Маленькая песчинка у корней древнего дерева, пылинка, прилипшая к рукаву вечности.
Волшебные кристаллы тускло сияли, освещая широкую каменную лестницу, спиралью уходящую вверх. Здесь не было украшений, зеркал или канделябров, фресок, мозаики, деревянных панелей и картин, только ниши для светильников и маленькие окна, ставни на которых сейчас были закрыты.
На лестнице царил полумрак.
Лин пожалела, что не взяла с собой фонарь. Бояться было нечего – своих обитателей замок берег – но споткнуться на какой-нибудь выщербленной от времени ступеньке и упасть не хотелось.
– Леди решила прогуляться тайными тропами?
Он стоял выше, там, где на лестницу выходила какая-то дверь, закрытая, конечно. Она тоже была в нише, глубокой – там и прятался Ренар. У его ног слабо мерцали кристаллы, спрятанные внутри высокого фонаря.
Лин улыбнулась.
Ее шаги были легкими – все эльдар ходят почти неслышно, если не хотят, чтобы их услышали, но слух Ренара был куда более тонким и чутким, чем полагалось быть слуху человека. Он, конечно, знал, что кто-то идет. «И, – подумала Лин, – понял, кто именно, еще до того, как увидел ее».

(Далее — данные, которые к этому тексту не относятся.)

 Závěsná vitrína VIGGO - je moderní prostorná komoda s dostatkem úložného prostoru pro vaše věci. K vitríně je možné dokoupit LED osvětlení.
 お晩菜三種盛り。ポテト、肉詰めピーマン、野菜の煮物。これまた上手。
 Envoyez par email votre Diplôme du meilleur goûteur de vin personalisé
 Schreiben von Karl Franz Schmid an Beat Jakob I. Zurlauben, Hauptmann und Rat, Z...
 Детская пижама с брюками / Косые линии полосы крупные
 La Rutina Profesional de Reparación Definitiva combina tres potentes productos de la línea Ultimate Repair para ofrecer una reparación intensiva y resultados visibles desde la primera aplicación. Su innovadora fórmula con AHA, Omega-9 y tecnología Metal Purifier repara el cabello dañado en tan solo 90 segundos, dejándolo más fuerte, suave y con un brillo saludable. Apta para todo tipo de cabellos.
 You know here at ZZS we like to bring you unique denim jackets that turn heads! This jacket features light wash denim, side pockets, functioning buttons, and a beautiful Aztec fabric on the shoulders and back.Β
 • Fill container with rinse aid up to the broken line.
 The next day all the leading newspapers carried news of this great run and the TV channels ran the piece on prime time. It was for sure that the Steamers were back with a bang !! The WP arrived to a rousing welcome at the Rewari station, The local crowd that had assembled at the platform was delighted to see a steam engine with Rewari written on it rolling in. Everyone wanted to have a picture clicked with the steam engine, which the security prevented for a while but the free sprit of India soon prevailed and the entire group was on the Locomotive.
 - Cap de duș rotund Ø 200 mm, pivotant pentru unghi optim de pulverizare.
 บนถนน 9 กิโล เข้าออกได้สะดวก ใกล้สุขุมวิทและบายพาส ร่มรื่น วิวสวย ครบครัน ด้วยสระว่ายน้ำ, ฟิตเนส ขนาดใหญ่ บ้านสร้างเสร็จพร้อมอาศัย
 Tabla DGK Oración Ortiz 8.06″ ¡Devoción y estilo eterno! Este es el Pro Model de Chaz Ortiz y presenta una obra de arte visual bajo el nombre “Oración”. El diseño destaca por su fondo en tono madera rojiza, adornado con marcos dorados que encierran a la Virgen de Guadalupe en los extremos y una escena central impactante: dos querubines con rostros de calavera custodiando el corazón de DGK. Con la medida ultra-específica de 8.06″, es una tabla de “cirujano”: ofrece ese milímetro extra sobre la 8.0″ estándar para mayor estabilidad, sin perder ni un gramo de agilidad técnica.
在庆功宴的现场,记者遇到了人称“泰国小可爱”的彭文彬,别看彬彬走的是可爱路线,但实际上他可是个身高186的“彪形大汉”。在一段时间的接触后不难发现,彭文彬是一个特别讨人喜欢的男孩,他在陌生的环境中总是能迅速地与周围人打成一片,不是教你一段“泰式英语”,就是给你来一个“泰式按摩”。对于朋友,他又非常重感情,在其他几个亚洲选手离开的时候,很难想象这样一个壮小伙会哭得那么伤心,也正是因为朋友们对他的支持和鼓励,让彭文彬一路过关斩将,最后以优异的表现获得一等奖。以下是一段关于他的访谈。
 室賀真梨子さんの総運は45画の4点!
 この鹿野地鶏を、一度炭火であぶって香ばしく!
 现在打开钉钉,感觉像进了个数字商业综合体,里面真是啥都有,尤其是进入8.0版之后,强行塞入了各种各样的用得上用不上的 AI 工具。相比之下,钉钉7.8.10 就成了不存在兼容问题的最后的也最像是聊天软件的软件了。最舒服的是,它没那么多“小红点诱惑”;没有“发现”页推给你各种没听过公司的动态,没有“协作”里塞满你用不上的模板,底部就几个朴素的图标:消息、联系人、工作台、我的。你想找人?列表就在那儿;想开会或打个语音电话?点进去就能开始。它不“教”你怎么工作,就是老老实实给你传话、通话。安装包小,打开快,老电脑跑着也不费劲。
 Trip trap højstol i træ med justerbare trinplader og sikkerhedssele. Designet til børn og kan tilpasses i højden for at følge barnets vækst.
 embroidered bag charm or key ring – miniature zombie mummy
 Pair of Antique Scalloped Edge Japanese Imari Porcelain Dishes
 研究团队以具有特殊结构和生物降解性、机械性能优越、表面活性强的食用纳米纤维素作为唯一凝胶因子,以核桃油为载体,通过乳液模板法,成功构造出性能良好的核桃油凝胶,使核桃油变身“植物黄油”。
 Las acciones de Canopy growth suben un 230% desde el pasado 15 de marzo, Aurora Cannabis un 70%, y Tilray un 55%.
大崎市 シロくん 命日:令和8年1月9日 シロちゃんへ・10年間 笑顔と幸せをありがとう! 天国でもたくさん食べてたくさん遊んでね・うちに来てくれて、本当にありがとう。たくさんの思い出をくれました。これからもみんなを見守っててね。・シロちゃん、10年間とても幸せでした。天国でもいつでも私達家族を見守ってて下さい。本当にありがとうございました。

– Весь замок пропах весенними цветами, – проворчал он и чиркнул спичкой.
Оранжевый огонек на несколько секунд осветил его лицо и руку, держащую трубку. Взгляд был сосредоточенным – не на Лин, а на этом огоньке.
– Я тоже рада тебя видеть.
Ренар посмотрел на нее, хитро щурясь, и сделал вид, что не поверил.
– В таких случаях, – сказал он, усмехаясь, – принято говорить о погоде или о здоровье родственников?
– Мои родственники в добром здравии, спасибо, – ответила она сдержанно и остановилась, наконец, рядом с ним, прижавшись к стене с другой стороны ниши. – И с той, и с этой стороны. А вот поддержать разговор о погоде, увы, не получится. Мне было некогда смотреть в окно.
Дверь справа от Лин была деревянной, обшитой широкими полосами металла, потемневшими от времени. Никаких узоров, никаких символов, которые могли бы дать намек на то, куда она ведет.
Ренар медленно, с наслаждением затянулся, разглядывая Лин сквозь полумрак.
– Сегодня был прекрасный солнечный день, – сказал он, выдыхая дым. – Морозный, свежий и яркий. Он пахнет хвоей, морозом и дымом, а в Йарне – еще и специями, потому что они уже начали печь пряники к празднику. Я захватил для тебя один, но не решился доверить столь ценную вещь боггартам. Занесу лично. – Он улыбнулся. – Если ты не против.
Это был флирт. Очень честный и искренний флирт, к которому Лин привыкла точно так же, как рыжеволосый парень напротив привык к прикосновению ее чар. Она могла одним прикосновением превратить его в отчаянно влюбленного дурака или заставить испытать чувство глубокой тоски о том, чего никогда не будет, и он знал это. Знал – и не боялся прикасаться к ней.
Лин вдруг поняла, что чуть не улыбнулась.
– Так что? – Ренар отвел трубку чуть в сторону. Его губы изогнулись в слабой улыбке, но она тут же исчезла. – У нас есть о чем поговорить, кроме погоды, не так ли, золотце?
Даже в полумраке, в котором глаза собеседника казались непроницаемыми, Лин чувствовала, что на нее смотрят очень… пристально и тяжело, выжидающе и настороженно. Ренар следил за ней, как следят за кем-то опасным или за тем, кого хотят поймать.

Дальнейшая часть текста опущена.